(INPUT MATERIAL Opens)
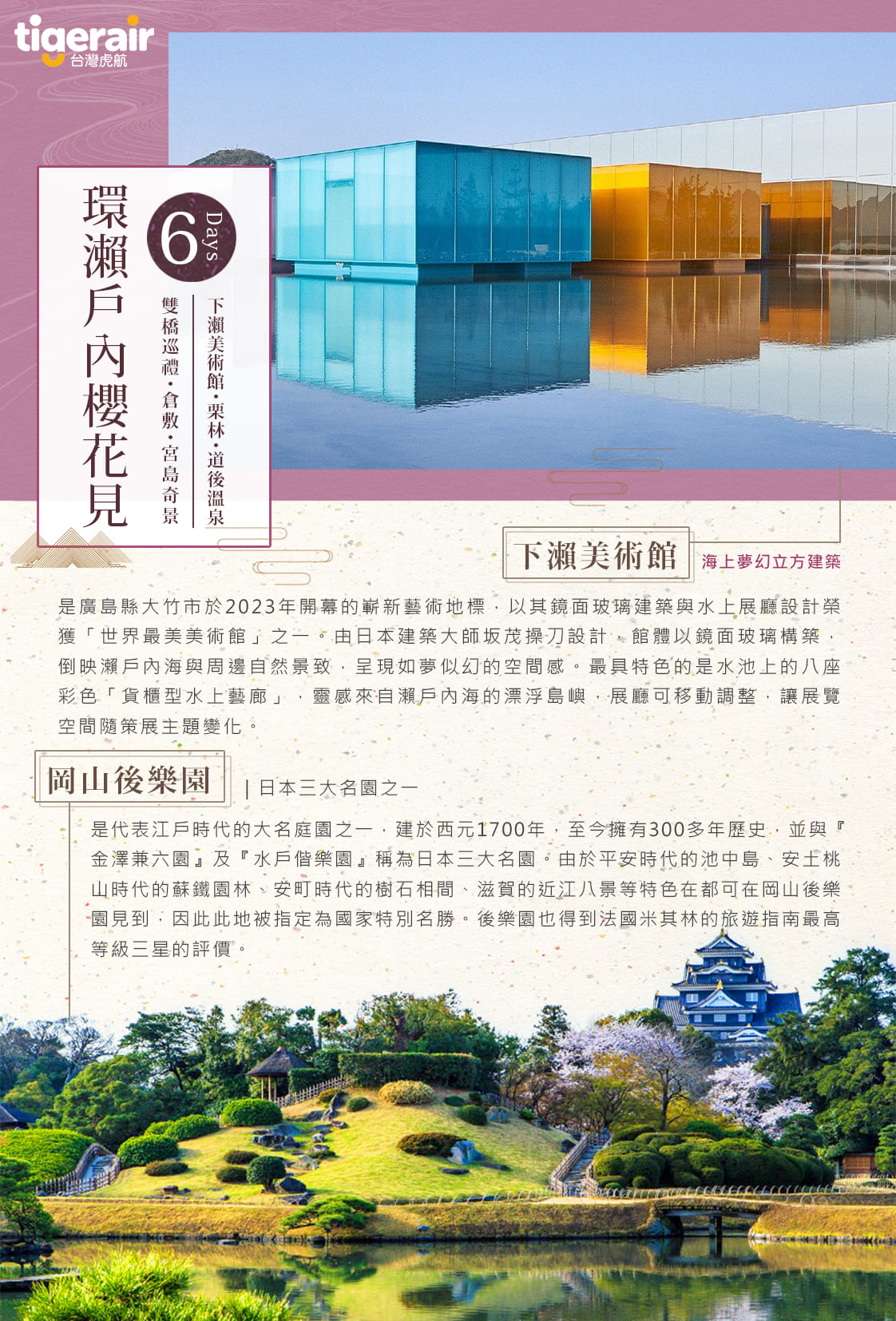 今日搭乘虎航包機飛往位於日本岡山縣岡山市的主要機場,有「岡山桃太郎機場」之稱的~岡山空港。抵達後接往下榻酒店休息。
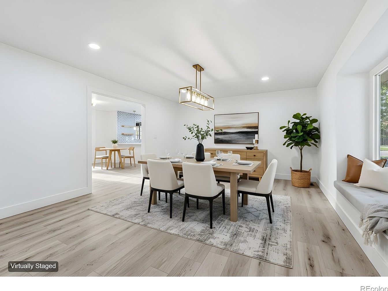 This dining area showcases a modern design, featuring a light wood dining table surrounded by sleek, white chairs on a textured area rug. The neutral color palette of soft beige, white, and light gray creates an inviting ambiance. Overhead, a stylish gold and glass pendant light adds elegance, complementing the artwork on the wall, which features earthy tones. A tall, leafy plant in a woven basket introduces a touch of nature. The open layout connects seamlessly with another space in the background, enhancing the overall spacious feel. Wide-plank flooring adds warmth to the contemporary aesthetic.
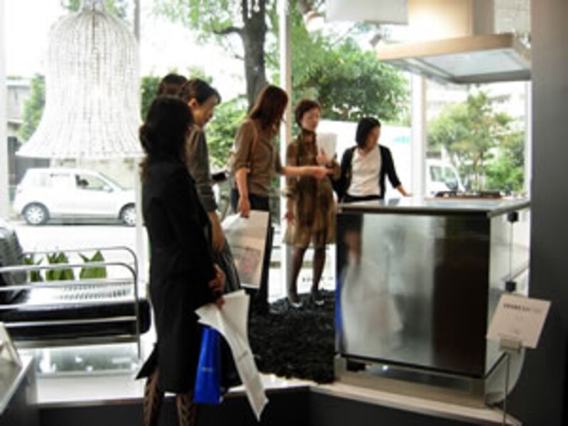 トーヨーキッチンの新製品発表会は、いつもながらとても新鮮な演出が魅力です。BlueNote横の通りに面したショーウィンドウにV-LANDが展示され、路往く人も足を止めてしばらく見入っている。インテリア雑誌の記者達の関心も高くこれから出版される雑誌での評価も楽しみだ。
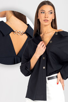 Блуза свободного силуэта, выполнена из принтованной ткани с красивым цветовым акцентом. Воротник отложной. Эстетично подчеркнут V-образный вырез горловины, оформлен имитацией застежки пуговиц, что служит декоративным элементом изделия, встречная складка, одновременно создаст повышенный комфорт. Рукав втачной, свободный, расширенный к низу, создает современный стиль образу и удобство. В боковых швах предусмотрены разрезы.
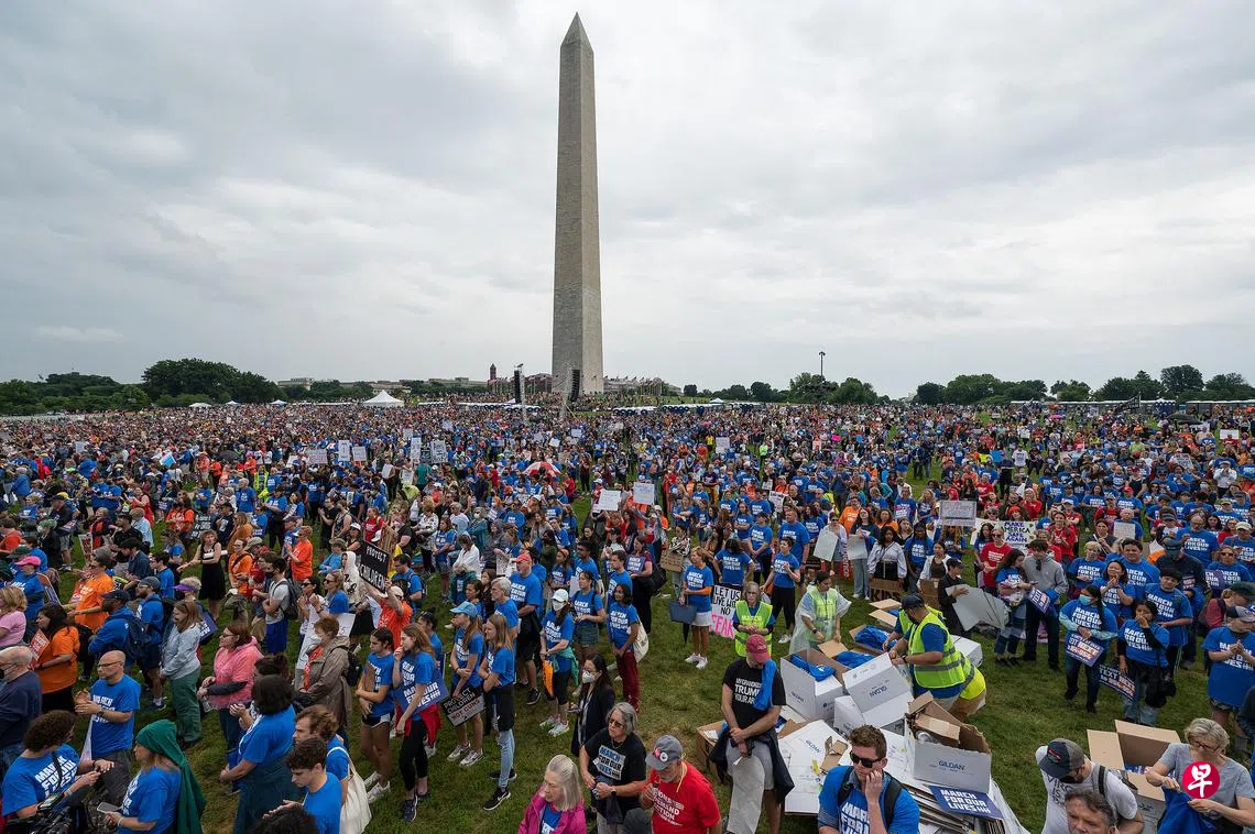 美国媒体报道,在首都华盛顿,尽管下着雨,数千人在集会开始前就来到华盛顿纪念碑前高举标语,其中一条写道:“孩子是不可替代的,而参议员是(可替代的)。我们会用投票说话。”一名中学女生举的牌子写道:“我想在学校有安全感。”
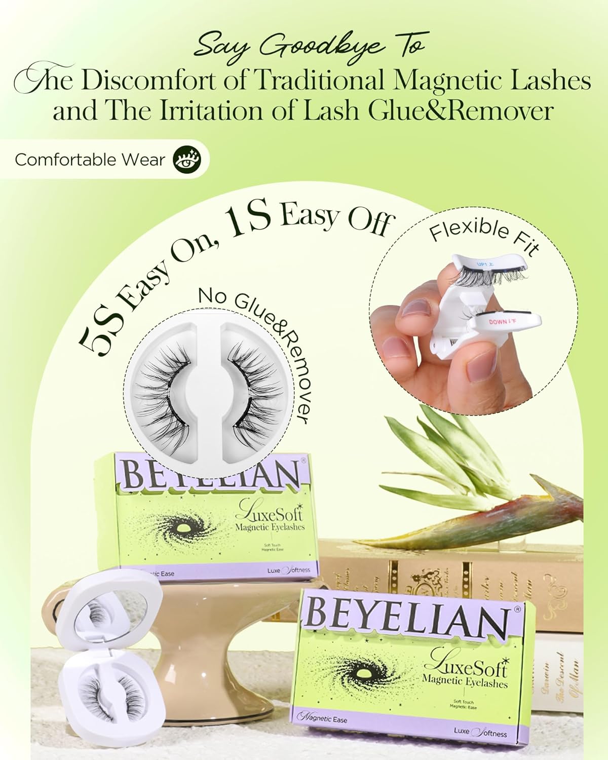 - Soft Magnetic for Ultimate Comfort - Crafted with ultra-soft magnetic strips, BEYELIAN magnetic eyelashes gently conform to your lash line, providing a lightweight, barely-there feel. The flexible band ensures a snug fit, enhancing your natural look without pinching or discomfort
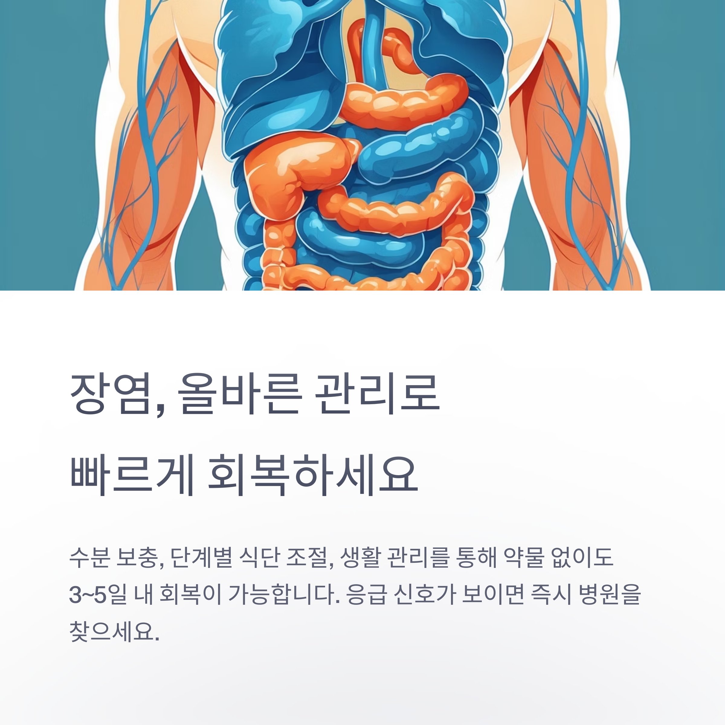 장염은 증상 자체보다 잘못된 대처가 회복을 늦추는 원인이 될 수 있습니다.
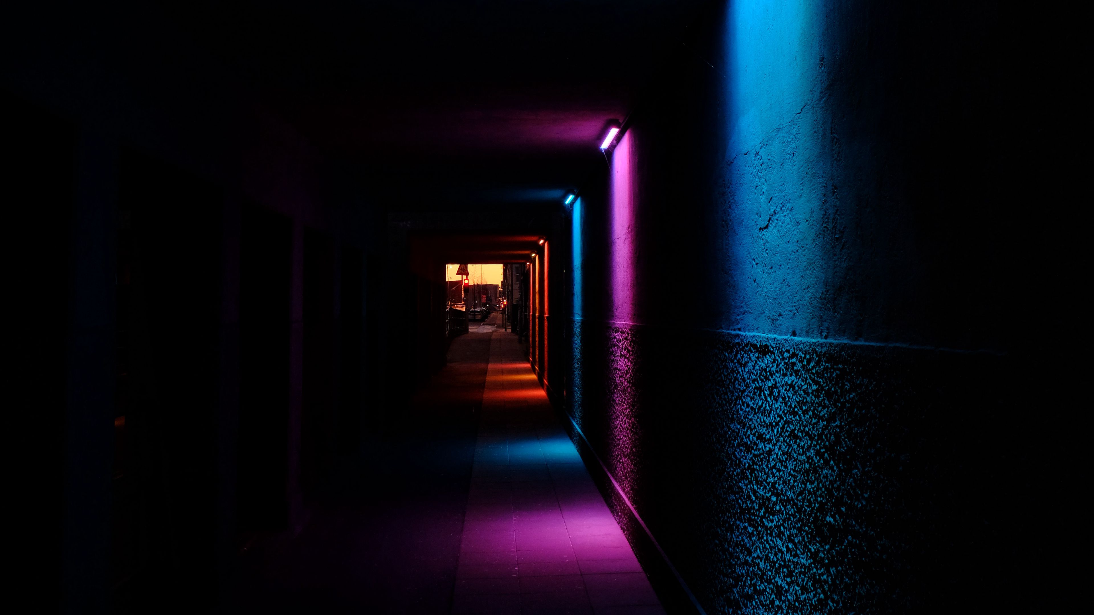 Description: A long hallway with a light at the end of it and a dark hallway with a light at the end of it.
(INPUT MATERIAL Closes)
Repeat exactly the lines above, starting at the one that contains "Блуза свободного силуэта, выполнена" and stopping at the last line of the entries, and leave out the pictures.

**WRITTEN ANSWER:**
 Блуза свободного силуэта, выполнена из принтованной ткани с красивым цветовым акцентом. Воротник отложной. Эстетично подчеркнут V-образный вырез горловины, оформлен имитацией застежки пуговиц, что служит декоративным элементом изделия, встречная складка, одновременно создаст повышенный комфорт. Рукав втачной, свободный, расширенный к низу, создает современный стиль образу и удобство. В боковых швах предусмотрены разрезы.
 美国媒体报道,在首都华盛顿,尽管下着雨,数千人在集会开始前就来到华盛顿纪念碑前高举标语,其中一条写道:“孩子是不可替代的,而参议员是(可替代的)。我们会用投票说话。”一名中学女生举的牌子写道:“我想在学校有安全感。”
 - Soft Magnetic for Ultimate Comfort - Crafted with ultra-soft magnetic strips, BEYELIAN magnetic eyelashes gently conform to your lash line, providing a lightweight, barely-there feel. The flexible band ensures a snug fit, enhancing your natural look without pinching or discomfort
 장염은 증상 자체보다 잘못된 대처가 회복을 늦추는 원인이 될 수 있습니다.
 Description: A long hallway with a light at the end of it and a dark hallway with a light at the end of it.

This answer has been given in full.